• Problem to work on: Each line of the data must be copied exactly.

◆ ◆ ◆

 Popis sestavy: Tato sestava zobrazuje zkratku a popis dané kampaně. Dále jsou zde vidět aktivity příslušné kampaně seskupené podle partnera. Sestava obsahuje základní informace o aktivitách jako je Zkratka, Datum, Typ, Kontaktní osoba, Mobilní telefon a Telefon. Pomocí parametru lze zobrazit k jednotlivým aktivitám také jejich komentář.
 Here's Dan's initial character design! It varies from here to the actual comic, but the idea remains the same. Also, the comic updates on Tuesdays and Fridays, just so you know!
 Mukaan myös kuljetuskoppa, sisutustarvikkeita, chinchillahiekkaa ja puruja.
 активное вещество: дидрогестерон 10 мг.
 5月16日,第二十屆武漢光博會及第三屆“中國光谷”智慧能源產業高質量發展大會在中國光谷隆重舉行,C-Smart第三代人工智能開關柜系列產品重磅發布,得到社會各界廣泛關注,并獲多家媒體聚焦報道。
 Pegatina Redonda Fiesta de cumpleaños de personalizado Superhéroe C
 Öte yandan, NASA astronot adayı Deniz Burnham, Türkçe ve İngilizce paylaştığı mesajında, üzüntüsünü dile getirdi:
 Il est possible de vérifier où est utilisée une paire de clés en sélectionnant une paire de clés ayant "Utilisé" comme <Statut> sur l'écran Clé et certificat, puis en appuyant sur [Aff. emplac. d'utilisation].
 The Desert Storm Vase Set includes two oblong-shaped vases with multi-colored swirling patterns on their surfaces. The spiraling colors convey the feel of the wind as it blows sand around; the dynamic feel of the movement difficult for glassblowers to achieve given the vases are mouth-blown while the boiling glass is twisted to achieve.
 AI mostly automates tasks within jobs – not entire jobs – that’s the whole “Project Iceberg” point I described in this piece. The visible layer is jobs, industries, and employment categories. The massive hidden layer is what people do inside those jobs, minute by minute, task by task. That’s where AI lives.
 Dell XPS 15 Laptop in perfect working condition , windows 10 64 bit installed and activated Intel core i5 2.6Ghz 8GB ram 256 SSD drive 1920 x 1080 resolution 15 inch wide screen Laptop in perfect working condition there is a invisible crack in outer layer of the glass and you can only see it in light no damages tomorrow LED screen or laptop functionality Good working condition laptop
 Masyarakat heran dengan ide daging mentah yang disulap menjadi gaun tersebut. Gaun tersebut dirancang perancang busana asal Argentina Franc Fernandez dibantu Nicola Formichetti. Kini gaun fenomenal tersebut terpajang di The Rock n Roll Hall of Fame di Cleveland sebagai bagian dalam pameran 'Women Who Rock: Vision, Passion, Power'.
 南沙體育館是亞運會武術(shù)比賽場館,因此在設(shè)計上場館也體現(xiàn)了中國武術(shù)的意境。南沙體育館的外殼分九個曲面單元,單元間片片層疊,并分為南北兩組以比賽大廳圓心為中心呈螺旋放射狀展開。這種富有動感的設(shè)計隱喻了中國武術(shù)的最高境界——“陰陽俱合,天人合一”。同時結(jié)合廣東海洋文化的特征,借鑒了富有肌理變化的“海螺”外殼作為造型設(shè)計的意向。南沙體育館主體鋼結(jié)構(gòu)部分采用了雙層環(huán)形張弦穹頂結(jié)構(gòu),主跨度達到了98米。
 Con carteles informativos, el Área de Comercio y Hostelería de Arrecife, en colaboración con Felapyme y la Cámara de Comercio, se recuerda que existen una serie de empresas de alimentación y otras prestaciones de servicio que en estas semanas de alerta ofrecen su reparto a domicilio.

◆ ◆ ◆

• The completed task:
 Popis sestavy: Tato sestava zobrazuje zkratku a popis dané kampaně. Dále jsou zde vidět aktivity příslušné kampaně seskupené podle partnera. Sestava obsahuje základní informace o aktivitách jako je Zkratka, Datum, Typ, Kontaktní osoba, Mobilní telefon a Telefon. Pomocí parametru lze zobrazit k jednotlivým aktivitám také jejich komentář.
 Here's Dan's initial character design! It varies from here to the actual comic, but the idea remains the same. Also, the comic updates on Tuesdays and Fridays, just so you know!
 Mukaan myös kuljetuskoppa, sisutustarvikkeita, chinchillahiekkaa ja puruja.
 активное вещество: дидрогестерон 10 мг.
 5月16日,第二十屆武漢光博會及第三屆“中國光谷”智慧能源產業高質量發展大會在中國光谷隆重舉行,C-Smart第三代人工智能開關柜系列產品重磅發布,得到社會各界廣泛關注,并獲多家媒體聚焦報道。
 Pegatina Redonda Fiesta de cumpleaños de personalizado Superhéroe C
 Öte yandan, NASA astronot adayı Deniz Burnham, Türkçe ve İngilizce paylaştığı mesajında, üzüntüsünü dile getirdi:
 Il est possible de vérifier où est utilisée une paire de clés en sélectionnant une paire de clés ayant "Utilisé" comme <Statut> sur l'écran Clé et certificat, puis en appuyant sur [Aff. emplac. d'utilisation].
 The Desert Storm Vase Set includes two oblong-shaped vases with multi-colored swirling patterns on their surfaces. The spiraling colors convey the feel of the wind as it blows sand around; the dynamic feel of the movement difficult for glassblowers to achieve given the vases are mouth-blown while the boiling glass is twisted to achieve.
 AI mostly automates tasks within jobs – not entire jobs – that’s the whole “Project Iceberg” point I described in this piece. The visible layer is jobs, industries, and employment categories. The massive hidden layer is what people do inside those jobs, minute by minute, task by task. That’s where AI lives.
 Dell XPS 15 Laptop in perfect working condition , windows 10 64 bit installed and activated Intel core i5 2.6Ghz 8GB ram 256 SSD drive 1920 x 1080 resolution 15 inch wide screen Laptop in perfect working condition there is a invisible crack in outer layer of the glass and you can only see it in light no damages tomorrow LED screen or laptop functionality Good working condition laptop
 Masyarakat heran dengan ide daging mentah yang disulap menjadi gaun tersebut. Gaun tersebut dirancang perancang busana asal Argentina Franc Fernandez dibantu Nicola Formichetti. Kini gaun fenomenal tersebut terpajang di The Rock n Roll Hall of Fame di Cleveland sebagai bagian dalam pameran 'Women Who Rock: Vision, Passion, Power'.
 南沙體育館是亞運會武術(shù)比賽場館,因此在設(shè)計上場館也體現(xiàn)了中國武術(shù)的意境。南沙體育館的外殼分九個曲面單元,單元間片片層疊,并分為南北兩組以比賽大廳圓心為中心呈螺旋放射狀展開。這種富有動感的設(shè)計隱喻了中國武術(shù)的最高境界——“陰陽俱合,天人合一”。同時結(jié)合廣東海洋文化的特征,借鑒了富有肌理變化的“海螺”外殼作為造型設(shè)計的意向。南沙體育館主體鋼結(jié)構(gòu)部分采用了雙層環(huán)形張弦穹頂結(jié)構(gòu),主跨度達到了98米。
 Con carteles informativos, el Área de Comercio y Hostelería de Arrecife, en colaboración con Felapyme y la Cámara de Comercio, se recuerda que existen una serie de empresas de alimentación y otras prestaciones de servicio que en estas semanas de alerta ofrecen su reparto a domicilio.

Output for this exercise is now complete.